■ MATERIAL PROVIDED ■

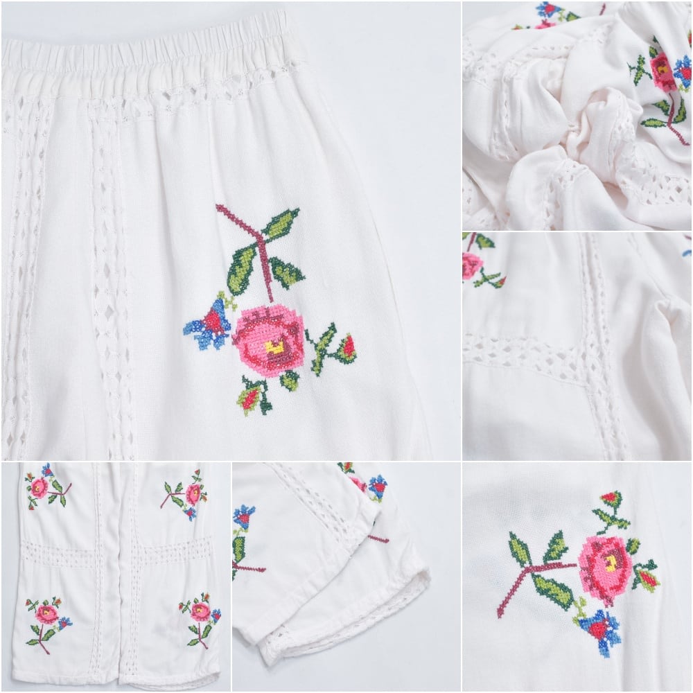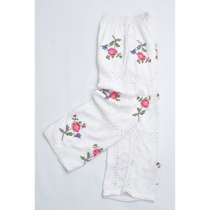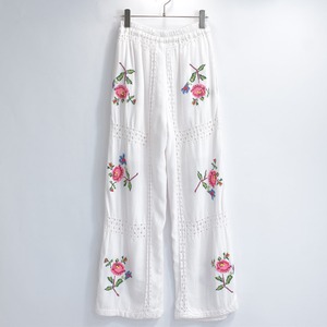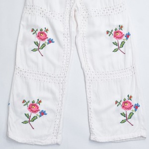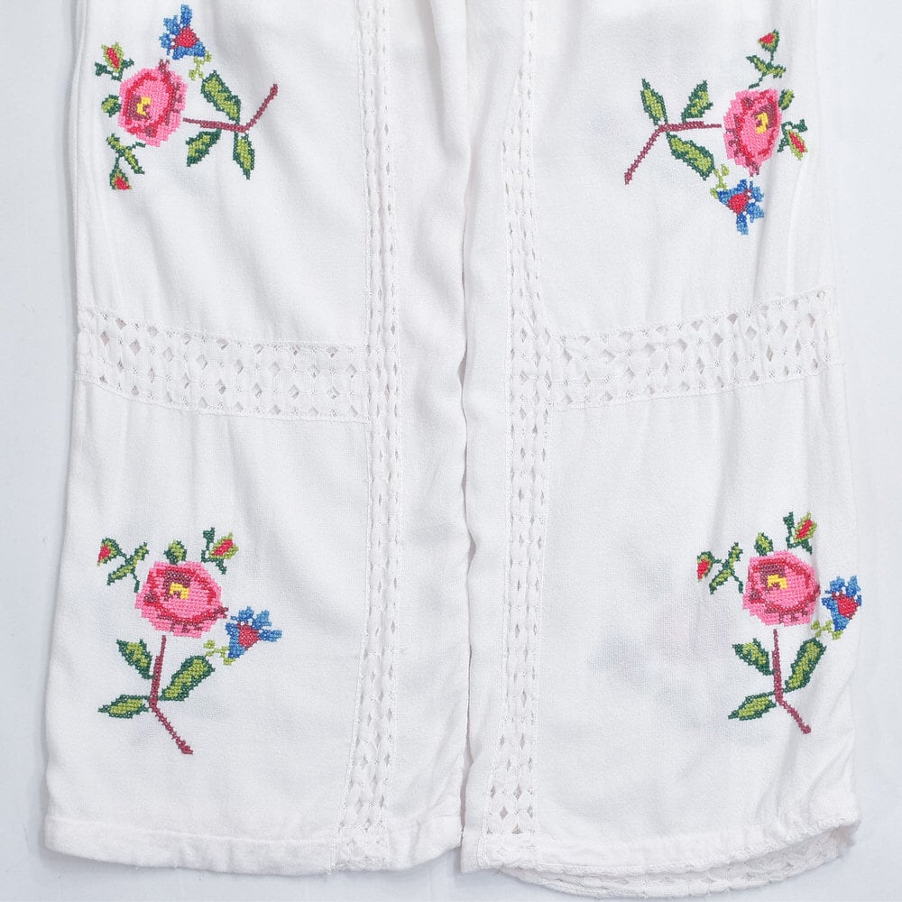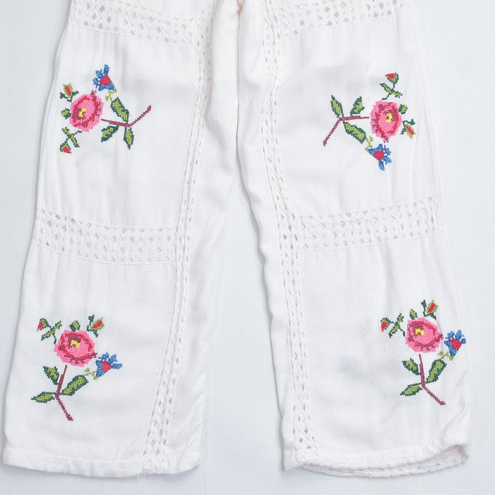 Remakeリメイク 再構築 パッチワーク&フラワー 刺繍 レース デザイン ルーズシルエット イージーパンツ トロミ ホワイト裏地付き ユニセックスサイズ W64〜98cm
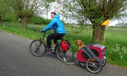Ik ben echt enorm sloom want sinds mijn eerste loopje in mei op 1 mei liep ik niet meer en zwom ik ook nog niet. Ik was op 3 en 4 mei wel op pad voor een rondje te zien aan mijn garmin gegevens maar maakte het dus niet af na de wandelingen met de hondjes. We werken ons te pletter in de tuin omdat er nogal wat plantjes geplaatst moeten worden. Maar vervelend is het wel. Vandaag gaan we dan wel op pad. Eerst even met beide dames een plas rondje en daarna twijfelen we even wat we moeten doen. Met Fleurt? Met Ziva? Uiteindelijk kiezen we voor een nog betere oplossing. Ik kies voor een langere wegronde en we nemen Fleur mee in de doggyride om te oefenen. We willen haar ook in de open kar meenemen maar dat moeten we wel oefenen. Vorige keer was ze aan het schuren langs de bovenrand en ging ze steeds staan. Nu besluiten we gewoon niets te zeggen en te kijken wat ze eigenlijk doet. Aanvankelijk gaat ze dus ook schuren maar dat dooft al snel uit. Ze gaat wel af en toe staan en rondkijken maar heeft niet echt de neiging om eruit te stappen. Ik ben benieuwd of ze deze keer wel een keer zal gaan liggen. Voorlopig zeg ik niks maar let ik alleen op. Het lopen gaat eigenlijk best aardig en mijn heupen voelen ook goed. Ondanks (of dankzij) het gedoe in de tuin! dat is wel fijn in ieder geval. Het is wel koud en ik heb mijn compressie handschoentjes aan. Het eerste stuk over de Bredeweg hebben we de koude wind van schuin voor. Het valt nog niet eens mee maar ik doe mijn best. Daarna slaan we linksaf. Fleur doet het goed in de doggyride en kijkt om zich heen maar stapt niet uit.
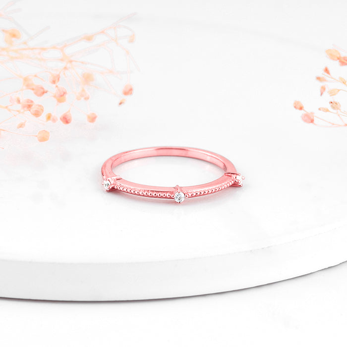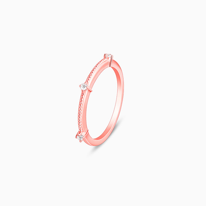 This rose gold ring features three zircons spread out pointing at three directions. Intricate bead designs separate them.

■ WORK REQUIRED ■
Word for word, restate every line of the listing, omitting the pictures.

■ RESPONSE AREA ■
 Remakeリメイク 再構築 パッチワーク&フラワー 刺繍 レース デザイン ルーズシルエット イージーパンツ トロミ ホワイト裏地付き ユニセックスサイズ W64〜98cm
Ik ben echt enorm sloom want sinds mijn eerste loopje in mei op 1 mei liep ik niet meer en zwom ik ook nog niet. Ik was op 3 en 4 mei wel op pad voor een rondje te zien aan mijn garmin gegevens maar maakte het dus niet af na de wandelingen met de hondjes. We werken ons te pletter in de tuin omdat er nogal wat plantjes geplaatst moeten worden. Maar vervelend is het wel. Vandaag gaan we dan wel op pad. Eerst even met beide dames een plas rondje en daarna twijfelen we even wat we moeten doen. Met Fleurt? Met Ziva? Uiteindelijk kiezen we voor een nog betere oplossing. Ik kies voor een langere wegronde en we nemen Fleur mee in de doggyride om te oefenen. We willen haar ook in de open kar meenemen maar dat moeten we wel oefenen. Vorige keer was ze aan het schuren langs de bovenrand en ging ze steeds staan. Nu besluiten we gewoon niets te zeggen en te kijken wat ze eigenlijk doet. Aanvankelijk gaat ze dus ook schuren maar dat dooft al snel uit. Ze gaat wel af en toe staan en rondkijken maar heeft niet echt de neiging om eruit te stappen. Ik ben benieuwd of ze deze keer wel een keer zal gaan liggen. Voorlopig zeg ik niks maar let ik alleen op. Het lopen gaat eigenlijk best aardig en mijn heupen voelen ook goed. Ondanks (of dankzij) het gedoe in de tuin! dat is wel fijn in ieder geval. Het is wel koud en ik heb mijn compressie handschoentjes aan. Het eerste stuk over de Bredeweg hebben we de koude wind van schuin voor. Het valt nog niet eens mee maar ik doe mijn best. Daarna slaan we linksaf. Fleur doet het goed in de doggyride en kijkt om zich heen maar stapt niet uit.
 This rose gold ring features three zircons spread out pointing at three directions. Intricate bead designs separate them.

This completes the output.